Richtlinien zum Kodieren von Aneinanderreihungen positiver Kommentare
Die Richtlinien zum Kodieren von Aneinanderreihungen positiver Kommentare gelten analog zu den kritischen Kommentaren.
Äußerungen über voneinander unabhängige Verhaltensweisen werden als
getrennte Kommentare gewertet.
“Jack ist ein sehr schlauer Junge und er ist sportlich.”
„ er ist offen, vertraut mir, kuschelt oft mit mir“
96
Anhang: Five Minute Speech Sample
Da zwei verschiedene Eigenschaften genannt werden (Intelligenz und
Sportlichkeit), werden auch zwei positive Kommentare gezählt.

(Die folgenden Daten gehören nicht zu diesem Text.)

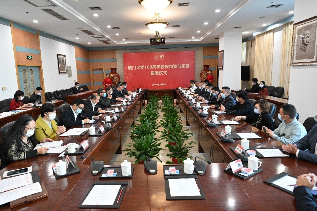 会上举行简朴而隆重的捐赠仪式。厦门文广会展有限公司为厦门大学100周年校庆捐赠整体主视觉VI设计、延展设计及办公室氛围布置,厦门铜鱼堂文化创意有限公司捐赠一批珠光青瓷办公杯,李宝凤捐赠个人作品陈嘉庚剪纸肖像,卢荣斌捐赠一批纪念钢笔,福建五叶堂茶叶有限公司捐赠一批福鼎白茶,福建影照建盏陶瓷有限公司捐赠一批建盏,厦门凌云玉石集团捐赠玉石浮雕,厦门服云信息科技有限公司捐赠网络安全运营中心系统,北京壹体体育产业发展有限公司捐赠会务系统。李建发向各捐赠代表颁授捐赠证书。捐赠仪式后,各位来宾、校友代表先后发言,分享捐赠心情,表达校庆祝福。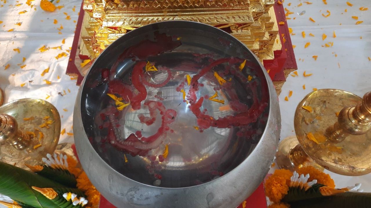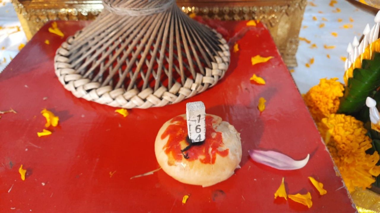 ส่วนอีกคณะหนึ่งจุดธูปมงคลนำโชค ที่โต๊ะบวงสรวงเปิดทรัพย์รับโชค โดยมีพ่อจ้ำชวการ คำวันสา พ่อจ้ำประจำลานบวงสรวงเป็นผู้พานำทำพิธี หลังพิธีเสร็จ มองเห็นตัวเลขมงคล 164, 461 สำหรับตัวเลขที่ขันน้ำมนต์ น้ำตาเทียนสีแดง มีเลข 4-5-0 เผื่อพ่อปู่แม่ย่าให้โชคในงวดวันที่ 16 มิถุนายน นี้.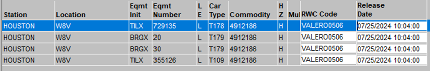 2. Highlight your cars and hit the L/E button. Right click in the RWC Code field. Locate your RWC to load the cars with using your drop downs. RWC Type is a Online/Local and your L/E status will be L. You then need to refer back to your email and determine what the commodity is that was loaded and select the RWC accordingly: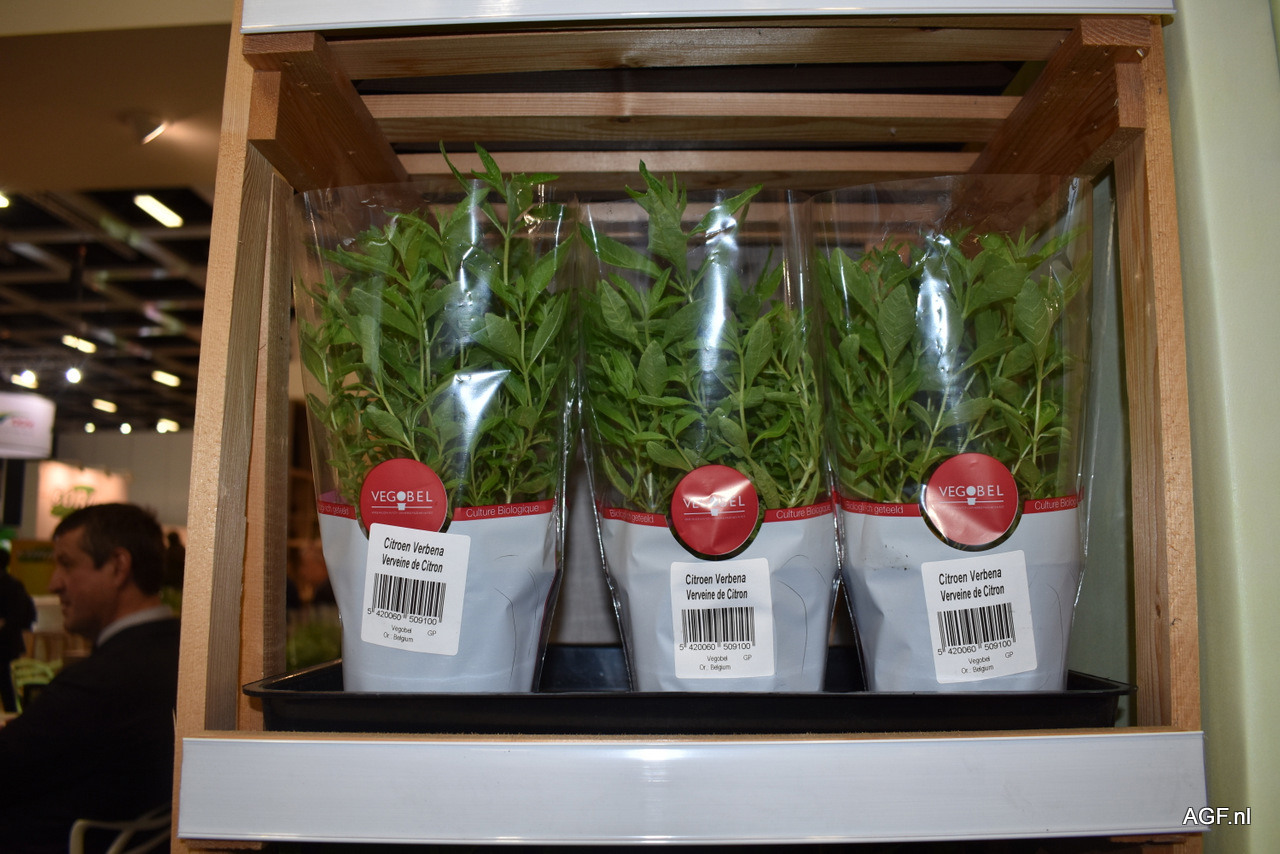 Isabel en Steven Lauwers van Vegobel. Het kruidensegment groeit hard net als de markt voor eetbare bloemen. Citroen verbena is een kruid die de laatste tijd steeds populairder wordt. Alles kruiden die Vegobel teelt zijn biologisch.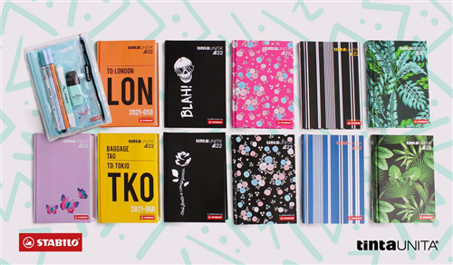 .L'esclusivo diario TintaUNITA in collaborazione con Stabilo è accompagnato da un set di prodotti Stabilo all'interno di una copertina con zip in plastica dove potrai inserire anche il tuo smartphone.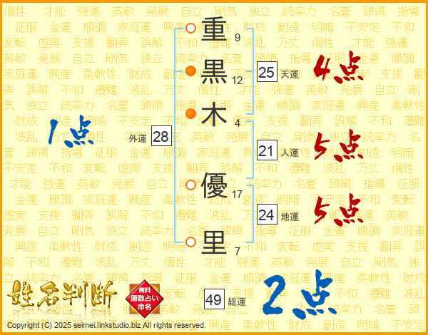 重(9画)黒(12画)木(4画) 優(17画)里(7画)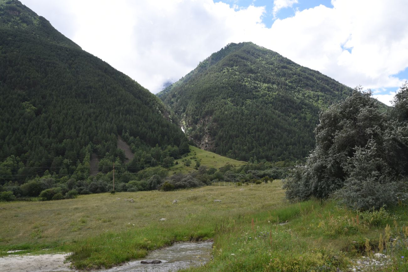Вдали виден конус выноса из троговой долины реки Курмычи. На переднем плане виден канал, отведёный от реки Курмычи. 24 июля 2022 г. [summer]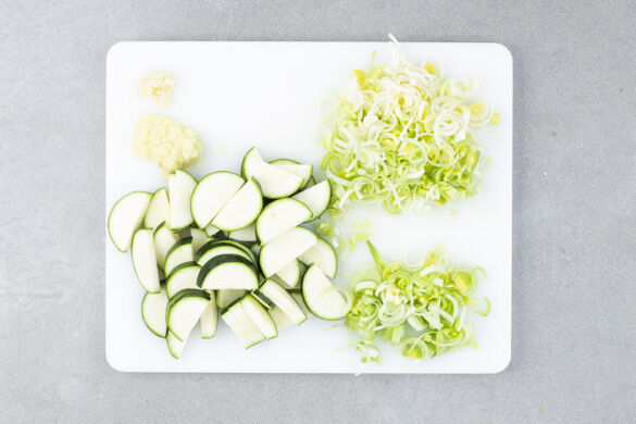 In einem kleinen Topf 250ml gesalzenes Wasser zum Kochen bringen. Den Ingwer und den Knoblauch schälen und sehr fein würfeln oder reiben. Die Zucchini längs halbieren und in ca. 1cm dicke Scheiben schneiden. Den Lauch längs halbieren und in dünne Streifen schneiden, 1 Handvoll Lauch für die Sauce getrennt beiseitelegen.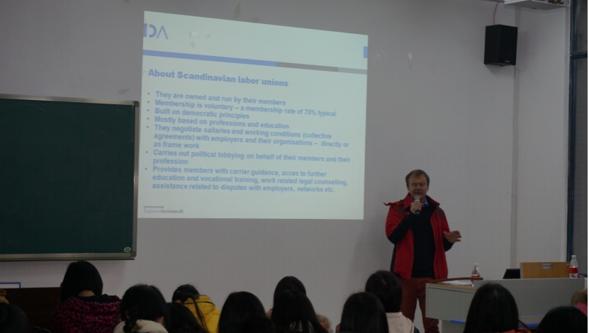 讲座中,Fin Krogh Jorgensen 先生首先分析了斯堪的纳维亚地区劳动力市场社团模式的管理或调节情况,并与包括中国在内的世界各国劳动力市场的基本情况进行了对比,列举了大量翔实的数据。最后,Fin Krogh Jorgensen 先生以现货的事例,论证了灵活的社会保障体系,工作与生活的相互平衡,工作文化以及劳动市场的工作环境是有助于劳动者的幸福感的这一结论。
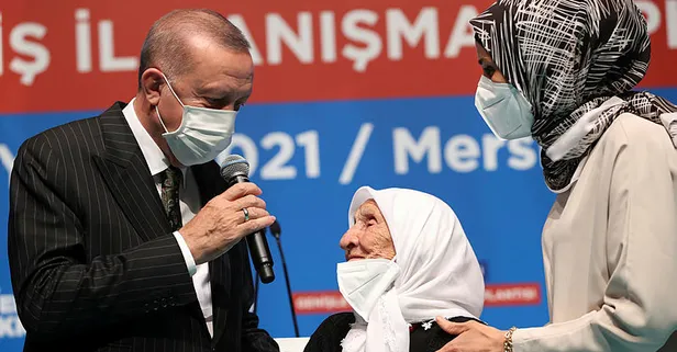 Mersin'e önceki ziyaretinde görüştüğü 107 yaşındaki Fikriye Çam'la da bir araya gelen ve sohbet eden Erdoğan, "Fikriye Teyze ile belli bir aralıktan sonra, yeniden bizleri bir araya getiren Rabbime sonsuz hamdüsenalar olsun. Elhamdülillah, 107 yaşında Fikriye Teyze, Rabbim daha nice ömür nasip etsin. Bizi inşallah cennetiyle, cemaliyle müşerref kılsın." ifadelerini kullandı.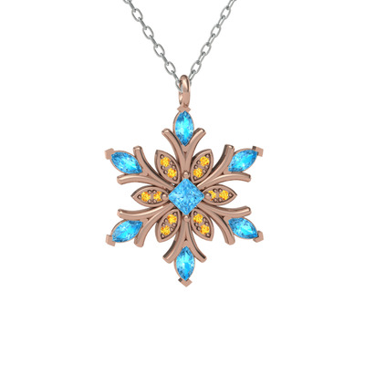 Akuamarin ve sitrin 14 ayar rose altın kolye (40 cm beyaz altın rolo zincir)

Äußerungen über ähnliches Verhalten werden als ein positiver Kommentar
gezählt.
“Er ist sehr musikalisch. Er spielt Klavier und singt.“
Da sich beide Äußerungen auf die Musikalität des Kindes beziehen, wird nur
ein positiver Kommentar gezählt.
Nicht geratet werden:
Äußerungen mit relativierenden Wörtern, z.B. “manchmal” oder “kann lieb
sein” oder „eigentlich“
Äußerungen in der Vergangenheitsform
CAVE*: „er ist häufig pfiffig“ nicht relativierend: Positiver Kommentar
Beispiele*
„Jack rastet nicht mehr so oft aus“ kein positiver Kommentar, neutral
„Jack ist viel lieber geworden“ kein positiver Kommentar, neutral, man kennt
das Ausgangsniveau ja nicht
CAVE*: Eine Äußerung kann beides enthalten, positive und negative
Kommentare, es ist nicht notwendigerweise so, dass sich positiv + negativ zu
neutral aufhebt z.B.
„Jack ist sehr intelligent, aber er kann sich häufig nicht konzentrieren“ (1 pos.
+ 1 negativer Kommentar)
Es sei denn: durch die erweiterte Äußerung wird der positive bzw. negative
Kommentar aufgehoben:
„Er kennt sich gut mit Computern aus, aber nur mit dem Spiele-Scheiß“ (kein
positiver Kommentar)
97
Anhang: Five Minute Speech Sample
CAVE: Bloße Beschreibungen z.B. von Hobbies zählen nicht als positive
Kommentare, es sei denn Mutter sagt, dass er es gut macht.
„Er kocht gerne etc.“ (kein positiver Kommentar)
„Er kocht sehr gerne, das macht er richtig gut“ (positiver Kommentar)
Kodieren von High vs. Low Expressed Emotion (CRIT)
High Expressed Emotion wird kodiert, wenn ein negatives bzw. niedriges
Rating auf mindestens einer der globalen Skalen (ohne EOI) sowie mehr
kritische als positive Kommentare vorliegen.
98
Lebenslauf
8 Lebenslauf
Mein Lebenslauf wird aus Gründen des Datenschutzes in der elektronischen
Fassung meiner Arbeit nicht veröffentlicht.